No Rights Reserved is a museum catalogue design for a fictional Chinese contemporary appropriation art exhibition that locates at Tate Modern, London. It was made as a student project at ArtCenter College of Design.
In traditional Chinese calligraphy education, apprentices generally start from a facsimile. During the process of transposing previous works, apprentices sometimes create a better version, transcending its original form. The ancients attributed this transcendence to the “I” in the book. However, the booming development of Internet technology makes the access to artwork more convenient than ever, the difference between appropriating and copying has been blurred gradually. Taking a form of art and directly applying to the other becomes a new way of art making.
“No Rights Reserved” recreates a definition of the well-known phrase — “All Rights Reserved” as an conversation starter. The goal is not to criticize any form of art expression. It is intended to discuss: What is appropriation? What is plagiarism? Does the two have a border? If so, what is it?
In the first chapter of the book, I “copied” an exhibition catalogue as the starting point of my design. The catalogue recorded the art exhibition that took place in 105 Hudson Street, Manhattan, New York—the very first art exhibition to discuss “appropriation art.” Imagery was selected from the famous Shenzhen Dafen Oil Painting Village.
In the artist’s title page, I merged and replaced the Chinese calligraphy grid with the Western font grid system. It is intended to indicate the clash between the East and the West’s different definition for plagiarism and copyright.
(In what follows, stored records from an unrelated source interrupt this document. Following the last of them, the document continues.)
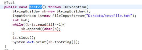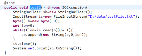 4、定义循环:将文件流中的数据读取到b数组中,直到read返回-1;-1表示已经到达文件末尾。将每次读取到的数据存储到StringBuilder中。
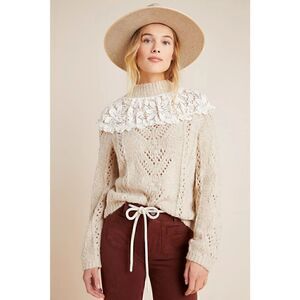 Anthropologie Suzanne Pointelle Lace Cream Sweater Size XS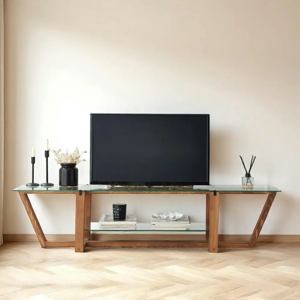 Meubles Tv En Bois|LHASA Meuble TV verre trempé bois foncé – 158 cm 2 niveaux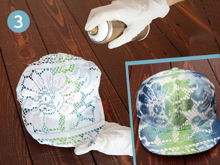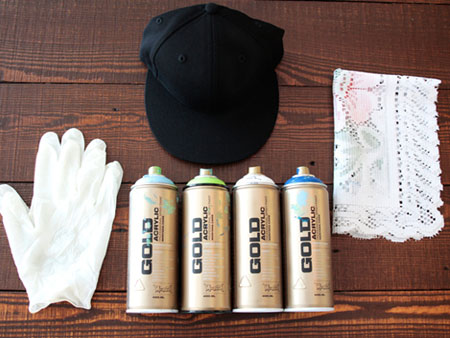 Для работы потребуется кусок старого тюля или кружевного полотна, несколько баллончиков с красками, черная бейсболка.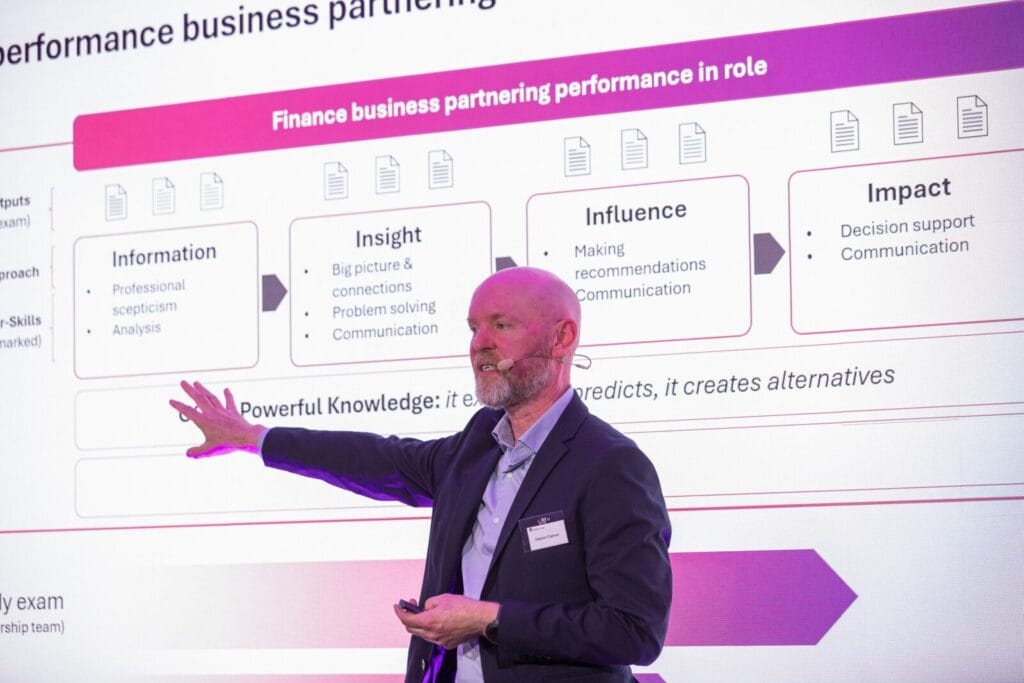 Następnie Stephen Flatman, M.Ed., Vice President of Education and Professional Qualifications, Management Accounting, AICPA & CIMA, przedstawił szczegóły aktualizacji Kwalifikacji Profesjonalnej CGMA. Nowy sylabus rozwija kompetencje w obszarach finansowego partnerstwa biznesowego, analitycznego myślenia, strategicznego planowania, zrównoważonego rozwoju i nowoczesnych technologii finansowych – odpowiadając na potrzeby zmieniającego się świata.

In order to express the discussion of copyright, the catalogue was printed and bound in China. After changing the layout a little and making a “copy” version of the catalog, a limited newsprint edition was produced in the United Kingdom (via the Newspaper club website). The catalogue hence exists both as hardback book and as a newspaper version.
The simplicity of the Chinese characters in Noto Sans balances with Galapagos in a harmonious way. Combing a comparatively complex font with a font that has support for Chinese was a very interesting experience. The typographic palette is completed by Panama and LL Akkurat.